The task of maintaining energy balance involves not only making sure that the number of calories ingested equals the number of calories burned but also involves ensuring nutrient balance. This means that over time, the quantity of carbohydrate, fat and protein consumed equals the amount of each oxidized. While the body has the ability to convert protein to carbohydrate and carbohydrate to fat, over long periods of time the body establishes nutrient balance with a high degree of accuracy storing excess nutrients as fat. To make decisions about food intake, the brain must assimilate information about the quantity of nutrients ingested and their disposition through the body over time. This is a very complex time ordered process as different tissues may be in different states of energy balance at different intervals following food ingestion. The fundamental task for the brain is to assess the influx of nutrients relative to stored pools of those nutrients and the rate at which they are being oxidized.
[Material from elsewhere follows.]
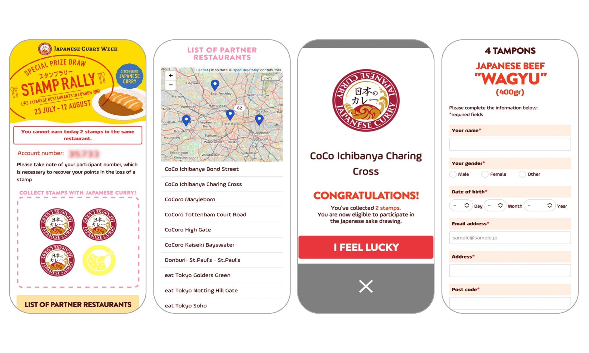 1回目のデジタルスタンプラリーは、日本のカレーを提供しているレストランに協力いただき、2年前に40店舗の規模で実施しました。ロンドンの方は、スタンプラリーを知りませんでしたが、初めてでもとても楽しんでくれました。

It has been suggested that this task is particularly difficult for dietary fat because the stored pool of lipid is quite large compared to either the stored pools of carbohydrate and protein or the quantity of fat ingested per day. It is clear that some organisms resist weight gain even in the face of highly palatable diets. In fact most individuals eat less on any given day than they could given their maximal capacity for consumption. A central question then is: what restrains food intake in the setting of widely available highly palatable food? In this paper we will discuss the evidence that the movement of dietary fat between tissues may play an important role in the fidelity of nutrient sensing and as a result, resistance or susceptibility to obesity. In particular, the relative metabolism of dietary fat favoring oxidation over storage may be associated with more robust signaling of positive energy balance and resistance to dietary induced obesity in both humans and rats.

Figure 1

Oxidation of Dietary Fat in Lean, Obese and Reduced Obese Zucker Rats. The oxidation of an oleic acid tracer placed in a test meal over the 6 hours following the meal was determined from the appearance of ¹⁴CO₂ (previously published in ref. 4).

Figure 2

Tissue distribution of a dietary fat tracer in Adipose Tissue (AT), Skeletal Muscle (SM), Serum (Se), Liver (Li) and Gastrointestinal tract (GI) in previously fasted lean male Sprague Dawley rats. A test meal containing 14C oleate was administered at time 0 and the metabolic fate followed over 30 days. Each point represents data from 4–6 rats (previously published in ref. 5).

Figure 3

The tissue distribution of a dietary oleate tracer in the 10 days following the administration of a test meal in either the fasted (panel A) or previously fed (panel B) states (previously published in ref. 6).

Figure 4

The oxidation of dietary Linolenic, Oleic and Stearic acid tracers placed in a test meal administered to male Sprague Dawley rats that were previously either fasted (panel A) or Fed (panel B) (previously published in ref. 6).

Figure 5

The oxidation of a dietary fat tracer in male and female Obesity Prone (OP) and Obesity Resistant (OR) rats consuming a high carbohydrate Chow diet (panel A) and 5 days after the introduction of a high fat diet (HFD) (panel B) (previously published in ref. 29)

Figure 6

The effects of overfeeding on hunger as measured with visual analogue scores (VAS) in thin (OR) subjects and reduced obese (OP) subjects. Hunger was measured with VAS on a PDA before Breakfast (B), Lunch (L) and Dinner (D) during a 3 day baseline eucaloric period and for 3 days during which subjects were overfed 50% above basal energy needs (previously published in ref. 13)

Figure 7

Regional brain activation by fMRI in response to visual food stimuli of high hedonic value in thin (OR) subjects consuming a eucaloric diet. The results demonstrate significant activation of the inferior visual cortex, and hypothalamus.

Figure 8

Regional brain activation by fMRI in response to visual food stimuli of high hedonic value in thin (OR) subjects following 2 days of overfeeding at 30% above basal energy requirements. The results demonstrate a marked attenuation of the stimulation seen in a eucaloric state (these results were previously published in ref. 14).